**Brief**
Word for word, copy the lines from the one with "Llavero con Logo" to the last line of the data below, counting both, and keep every picture out.

(Dataset records)
──────────

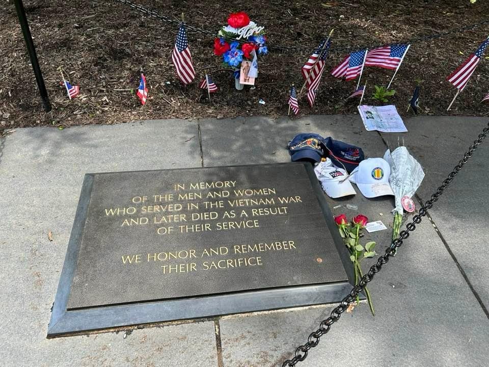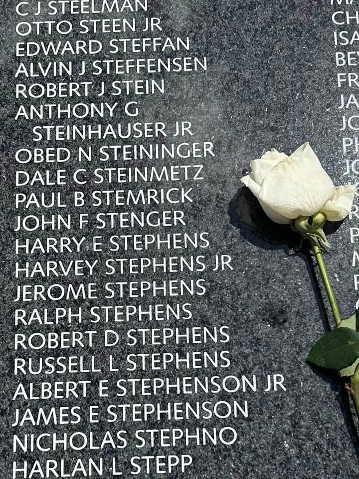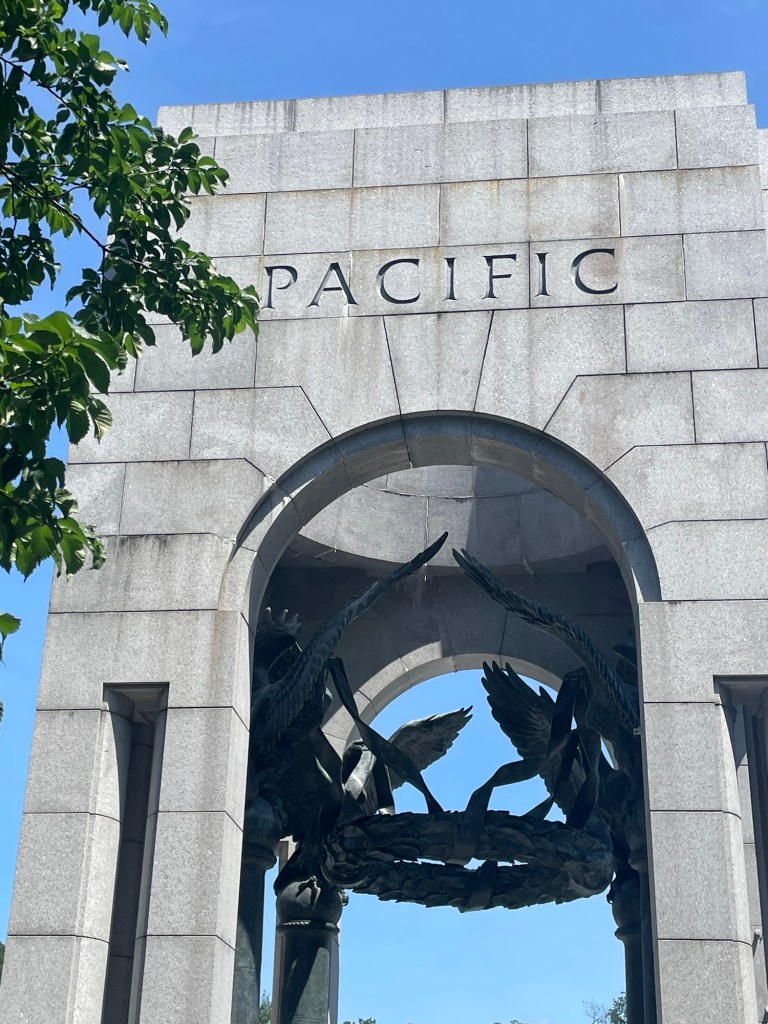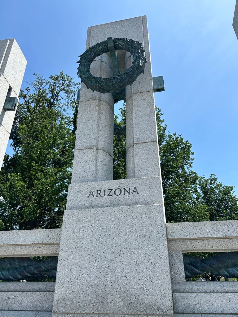 We stop by the National World War II Memorial. Service, Sacrifice, Unity and Victory. Each column has the name of each of the 50 States.
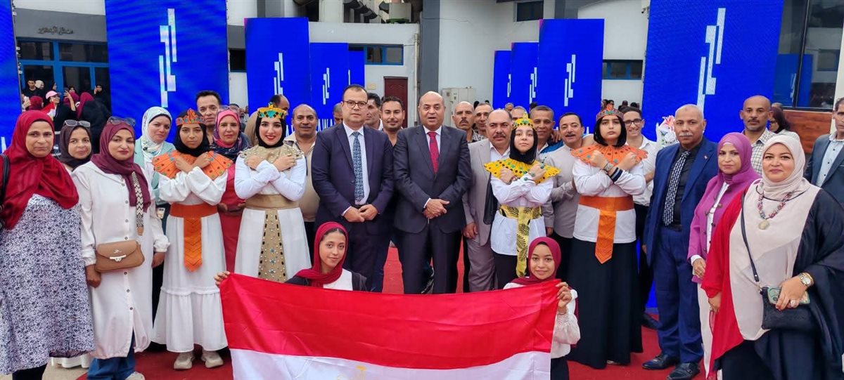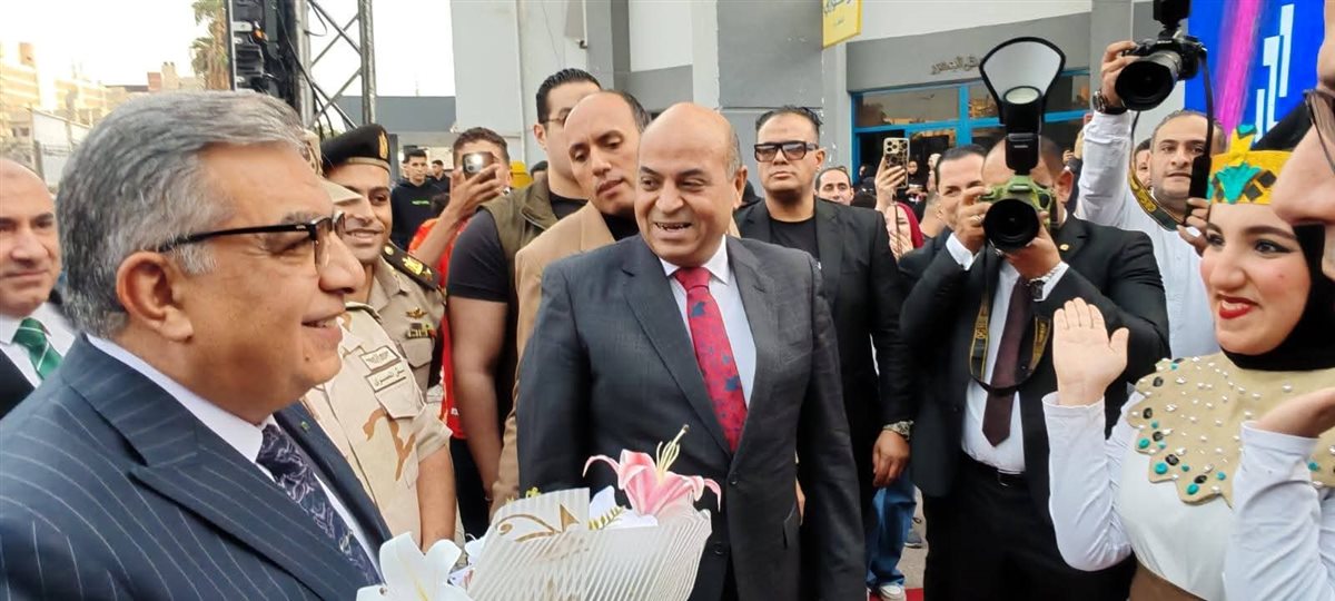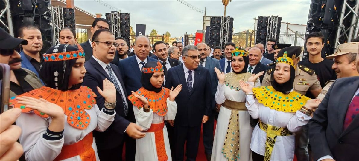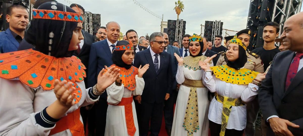 واستقبل محافظ الدقهلية فتيات وطلاب بالزي الفرعوني لتضاهي الاحتفال بالحدث التاريخي العالمي
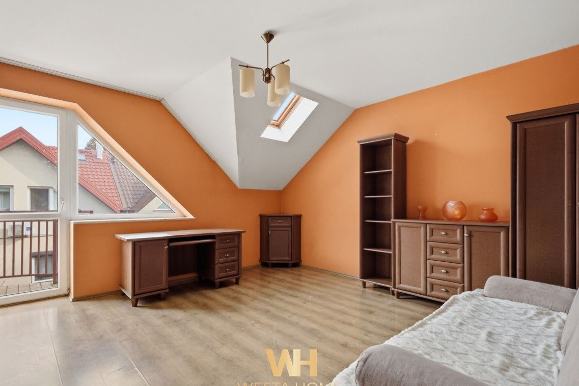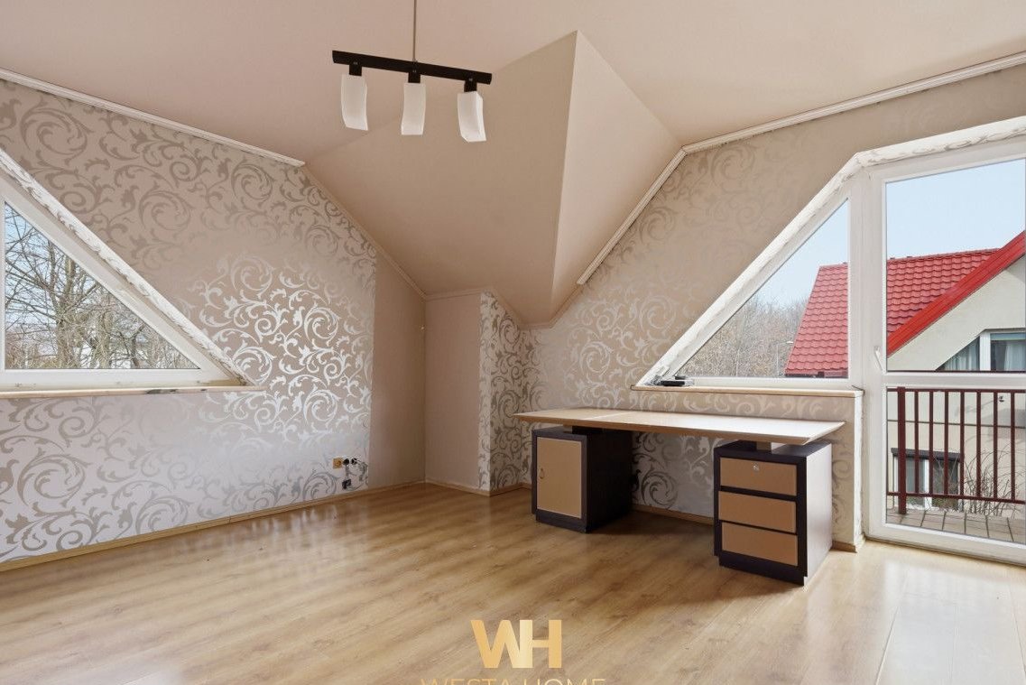 -użytkowe poddasze, które może pełnić funkcję gabinetu, pokoju rekreacyjnego lub dodatkowej przestrzeni do przechowywania,
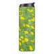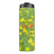 Ilustracion acuático con dos amapolas rojas y flores amarillas en el prado
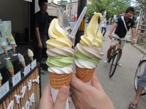 マンゴー、ほうじ茶、抹茶、バニラの順に
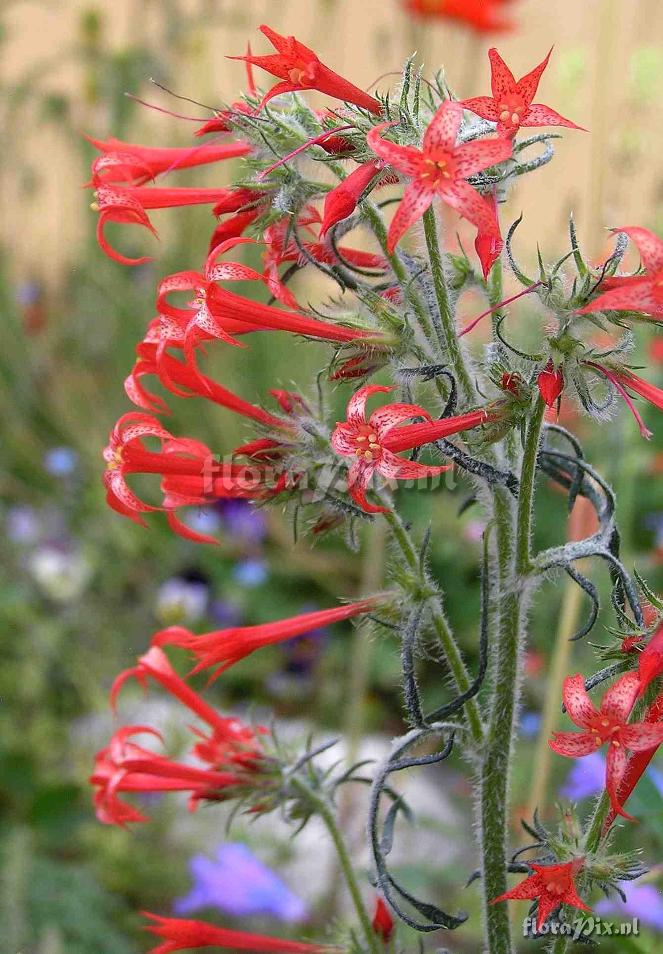 2712 - AlpenPix (Garden) - 2010-11-29(Dimension: 1371 x 1979 pixels - Counter: 5637) Ipomopsis aggregata ![]() Locality: USA - Colorado - Mountain View Experimental Gardens, Peak 7 area, Breckenridge, Colorado, elevation 10,000 feet, USDA Zone 4. Photographer: Jane Hendrix Note: Scarlet Gilia looks like a nasty weed during its first season of growth. In fact, before I learned to recognize its foliage, I pulled them all out and then wondered why they had "disappeared"! There are other color forms, including salmon pink and pure white, but everyone who visits my garden loves the red ones best. So do the hummingbirds. This is a biennial species and will reliably self-sow in my garden -- although not always where I want it. It is a taprooted species but still can be transplanted successfully in its first year to a more desirably place. It will tolerate extremely poor conditions of bright sun, drought and compacted soil and will still bloom beautifully in mid-July. (Sent: Alpine-l@nic.surfnet.nl)
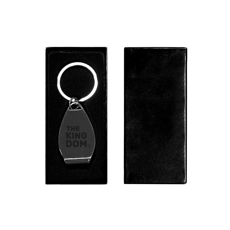 Llavero con Logo plano que se puede usar como destapador. Presentación en caja de regalo con cinta tricolor.
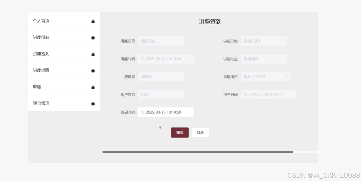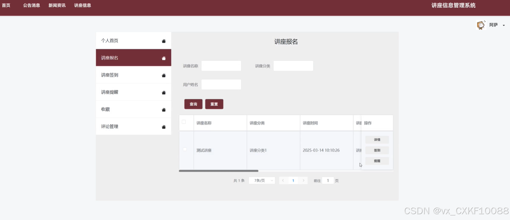 (7)个人中心:包含个人首页、、讲座报名、讲座签到、讲座提醒、评论管理、收藏等功能,讲座报名:普通用户可查看自己报名讲座的审核状态。可查询、重置等操作。讲座签到:用户参加讲座到场时进行一个签到,可查询、重置等操作。讲座提醒:用户报名参加讲座系统自动会有一个时间提醒,可查询、重置等操作。收藏:用户有自己喜欢的讲座信息可以收藏到自己的收藏夹,方便日后自己查看,并可点击详情进行点赞、收藏等操作。评论管理:可查看系统评论信息,可对信息进行评价,可查询、重置、删除等操作;
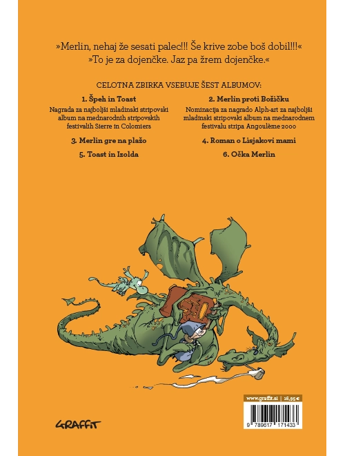Kakšno srečo imamo, da smo se znova srečali s to malo očarljivo nadlogo – mladim Merlinom, ki ga spremljata najbolj simpatični grdobec Toast in pujs Špeh, edini, ki ima ščepec zdrave pameti, kar pa za pujsa ni vedno lahko!

──────────

**Exercise answer**
 Llavero con Logo plano que se puede usar como destapador. Presentación en caja de regalo con cinta tricolor.
 (7)个人中心:包含个人首页、、讲座报名、讲座签到、讲座提醒、评论管理、收藏等功能,讲座报名:普通用户可查看自己报名讲座的审核状态。可查询、重置等操作。讲座签到:用户参加讲座到场时进行一个签到,可查询、重置等操作。讲座提醒:用户报名参加讲座系统自动会有一个时间提醒,可查询、重置等操作。收藏:用户有自己喜欢的讲座信息可以收藏到自己的收藏夹,方便日后自己查看,并可点击详情进行点赞、收藏等操作。评论管理:可查看系统评论信息,可对信息进行评价,可查询、重置、删除等操作;
Kakšno srečo imamo, da smo se znova srečali s to malo očarljivo nadlogo – mladim Merlinom, ki ga spremljata najbolj simpatični grdobec Toast in pujs Špeh, edini, ki ima ščepec zdrave pameti, kar pa za pujsa ni vedno lahko!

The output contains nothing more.